The founder of the New York Times' "1619 Project" wrote a lengthy racist letter to Notre Dame's The Observer, attacking all white people back in 1995.
The Federalist reports Nikole Hannah-Jones, a Times reporter who is heading up the newspaper's 1619 interactive project, wrote in her letter that "the white race is the biggest murderer, rapist, pillager, and thief of the modern world."
In her letter, she compares European settlers and explorers like Christopher Columbus to Adolf Hitler for their "acts of devils."
"Europeans have colonized and destroyed the indigenous populations on every continent of this planet.
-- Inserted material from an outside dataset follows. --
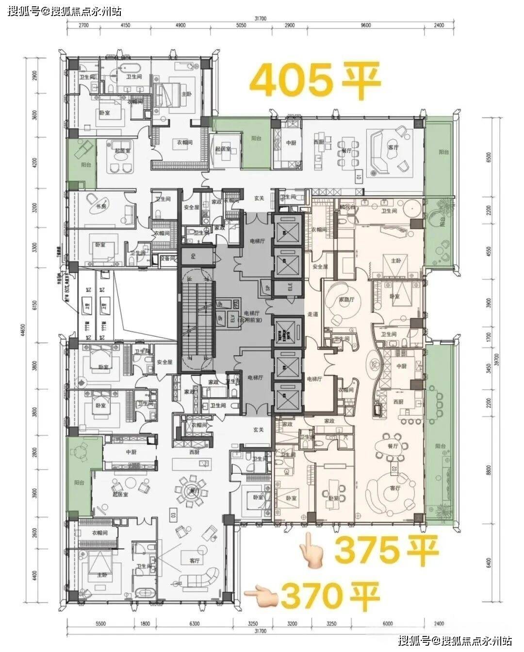 王牌户型:375㎡4+1 房五卫(四套间+家庭厅+家政套间)—— 这是我们团队一致认为的“最优解”。

They have committed genocide against cultures that have never offended them in their greed and insatiable desire to control and dominate every non-white culture," Hannah-Jones wrote.
She also makes the dubious claim that Africans visited the Americas long before Columbus and the Europeans.
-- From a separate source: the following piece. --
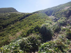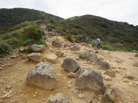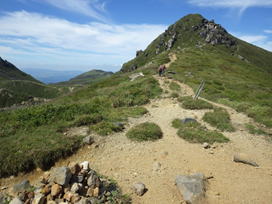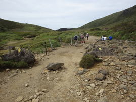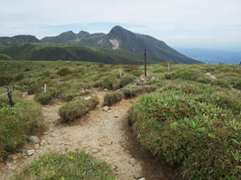 扇ヶ鼻への登山道 13時12分 ペースが落ちているのか?足の速いご夫婦に抜かれてしまった。振り返ると星生山。 星生山 |

"The difference is that Africans had the decency and respect for human life to learn from the Native Americans and trade technology with them," she continued. "The pyramids of the Aztecs and the great stone heads of the Olmecs are the lasting monuments to the friendship of these two peoples," she claims.
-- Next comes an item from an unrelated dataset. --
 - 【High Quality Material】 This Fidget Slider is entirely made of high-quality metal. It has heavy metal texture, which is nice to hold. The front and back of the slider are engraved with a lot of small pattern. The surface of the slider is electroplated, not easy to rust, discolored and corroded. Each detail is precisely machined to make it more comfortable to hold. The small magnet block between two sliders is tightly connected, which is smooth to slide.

Citing David Walker's Appeal published in four articles in 1829, (The white's) "lasting monument was the destruction and enslavement of two races of people," Hannah-Jones wrote.
She then jumps forward to today, writing that white people still take advantage of others when they can.
"The descendants of these savage people pump drugs and guns into the Black community, pack Black people into the squalor of segregated urban ghettos and continue to be bloodsuckers in our community," Hannah-Jones wrote.
She ends her letter by claiming that white people must constantly prove their superiority.
"But after everything that those barbaric devils did, I do not hate them," Hannah-Jones wrote. "I understand that because of some lacking, they needed to (sic) constantly prove their superiority."
Last month, Hannah-Jones was awarded a Pulitzer Prize for Commentary for her work on the Times' 1619 Project, despite the work having to be substantially corrected after a number of respected academics and historians disputed its grasp on history, according to The Federalist.
Wikipedia notes in their entry on the 1619 Project that The New York Times has said that the contributions were deeply researched, and arguments verified by a team of fact-checkers in consultation with historians. However, historians Gordon S. Wood, James M. McPherson, and Richard Carwardine are among those who have criticized the 1619 Project, stating that the project has put forward misleading and historically inaccurate claims, including ignorance of context, misrepresentation of quotes by key figures of the time, and an intentional lack of inclusion of historical facts and events that refute the primary thesis of the 1619 Project, leading one critic to call the work "a preposterous and one-dimensional reading of the American past."